The last common instruction I’ll mention is the
INT instruction. It always takes a constant operand of a single byte value. It’s short for “INTerrupt” and is used to trigger a “software interrupt”, which will switch the CPU into kernel mode and start running the code that corresponds to the interrupt number (the interrupt handler). Two important uses are breakpoints (which are always
INT 3) and system/kernel calls, although the latter use has been mostly replaced with the
SYSENTER instructions because they are better suited for that purpose.
See, it’s not so hard!
If you’ve made it this far, you should have the basic information you need to start understanding assembly code. The best way to improve past this point is to actually start reading the code that a compiler generates. The best way to do that for sample programs is to use Compiler Explorer, which will neatly color code the correlation between source code and assembly. I also think it’s very useful to step through assembly code and see how the registers change. For that, WinDbg is my preferred tool, but any debugger that can step at the assembly level (and not source line!) will give you a similar experience. Lastly, when you want to really understand every last detail of how an instruction works, make sure you download the latest copy of the Intel Software Developer Manuals, which we usually just call “The SDM”. It’s incredibly dense, but has every detail of every instruction, as well as everything else you can imagine about low level x86 and x64 programming.

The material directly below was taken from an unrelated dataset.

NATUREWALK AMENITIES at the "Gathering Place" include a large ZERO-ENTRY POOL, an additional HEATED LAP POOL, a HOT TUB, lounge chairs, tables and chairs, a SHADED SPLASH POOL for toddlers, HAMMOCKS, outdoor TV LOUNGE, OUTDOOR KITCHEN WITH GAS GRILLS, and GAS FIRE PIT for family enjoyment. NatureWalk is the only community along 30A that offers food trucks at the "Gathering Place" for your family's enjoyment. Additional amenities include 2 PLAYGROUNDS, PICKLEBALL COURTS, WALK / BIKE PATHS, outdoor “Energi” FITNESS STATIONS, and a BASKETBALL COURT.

- I’m not going to split hairs about assembly language vs. machine code. If you care about the distinction, this blog post is probably not very relevant to you. Same goes if you want to talk about microcode instead of machine code.
- In fact, there are no x86 instructions that have two explicit memory operands! There are instructions that can read from one memory address and write to another, but one of those addresses will be implicit via some other register. For instance, the
PUSH [addr]instruction can read a value from one address, and then write it at the current stack pointer.

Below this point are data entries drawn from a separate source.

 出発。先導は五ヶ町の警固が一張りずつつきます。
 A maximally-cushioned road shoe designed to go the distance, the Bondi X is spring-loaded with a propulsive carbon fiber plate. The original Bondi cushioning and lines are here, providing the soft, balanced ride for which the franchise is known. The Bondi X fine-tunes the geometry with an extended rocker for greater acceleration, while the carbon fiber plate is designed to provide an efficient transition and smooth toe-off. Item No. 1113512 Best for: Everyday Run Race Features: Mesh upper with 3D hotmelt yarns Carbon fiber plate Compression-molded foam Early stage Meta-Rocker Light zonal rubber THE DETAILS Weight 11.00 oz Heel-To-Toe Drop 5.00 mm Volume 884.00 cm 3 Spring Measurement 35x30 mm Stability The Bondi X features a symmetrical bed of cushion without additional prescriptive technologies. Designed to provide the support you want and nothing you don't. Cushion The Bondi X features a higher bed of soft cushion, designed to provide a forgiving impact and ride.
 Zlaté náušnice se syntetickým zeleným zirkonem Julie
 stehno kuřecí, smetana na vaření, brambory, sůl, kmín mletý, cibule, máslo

- Those of you with sharp eyes will notice I listed RAX, RCX, RDX, RBX and not RAX, RBX, RCX, RDX. That’s because RAX, RCX, RDX, RBX is the correct order for the registers and almost everyone gets this wrong in diagrams online. It’s really not important 99% of the time, but if you look any place where the registers are indexed or stored into memory, it’s always this order.
- To be more precise, the operand is evaluated and stored as a temporary value, and then the instruction pointer is pushed to the stack. This is important if the operand references RSP! The first time I wrote CPU emulation for this when working on Time Travel Debugging, I got this wrong. It seemed to work just fine but randomly crashed when some programs jumped to the wrong address!